MW Elmlinger et al., using brain cell cultures (primary hippocampal neurons), in their study showed the inhibitory effect of Actovegin on oxidative stress processes. In neurons treated with increasing concentrations of tert-butyl hydroperoxide (> 0.2 mM), an increase in intracellular ROS levels was found (p < 0.001), but in the case of Actovegin in cultured neurons, a dose-dependent decrease in the severity of oxidative stress was noted after 10 days (p < 0.001 at concentrations > 0.3 µg/ml) [8]. In in vivo studies, the effect of Actovegin on the analyzed parameters in experimental diabetic polyneuropathy corresponded to the results obtained in this in vitro study [6, 7].

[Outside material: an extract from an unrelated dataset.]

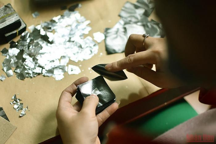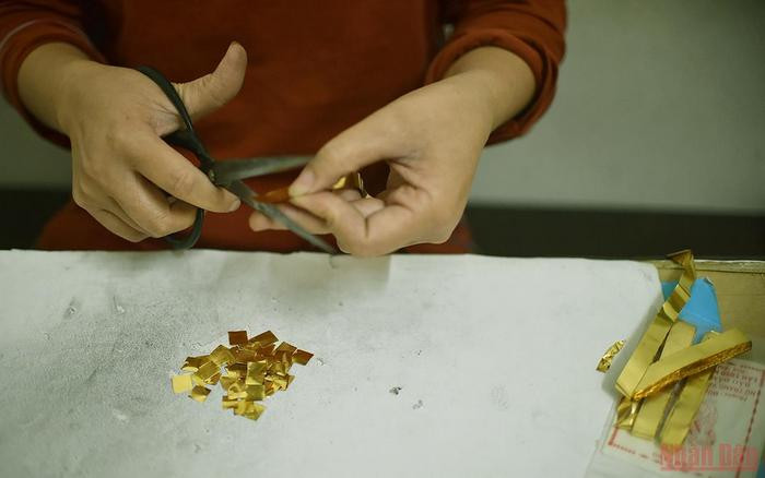 The craft of making thin gold leaf requires a meticulousness, carefulness and ingenuity because the gold leaves are easily blown away or broken.

Actovegin® has a multifaceted effect by normalizing the consumption and use of oxygen, increasing the entry of glucose into cells, thereby restoring cellular metabolism [6, 9, 10]. Actovegin® enhances oxidative processes, shifting the balance of redox reactions towards oxidation, which helps to increase the content of high-energy phosphates, such as ATP and creatine phosphate. K. Schwabe showed that Actovegin® activates intracellular oxidative processes and accelerates not only energy, but also reserve metabolism, which in the case of heart disease is accompanied by increased accumulation of glycogen and potassium. These data were one of the first observations showing a direct positive effect of the drug Actovegin® on the metabolism of the brain and myocardium [5, 8].

Previous studies document that Actovegin® has an insulin-like effect through the activation of GLUT 1–4, stimulating cellular metabolism, increasing oxygen consumption and energy production. One of the constituent parts of Actovegin fractions is Inositol-Phosphate-Oligosaccharide (IFO-fraction), which, through the activation of cAMP and adenylate cyclase, promotes intracellular glucose utilization, stimulates the efficiency of O2 consumption and reduces the formation of lactates.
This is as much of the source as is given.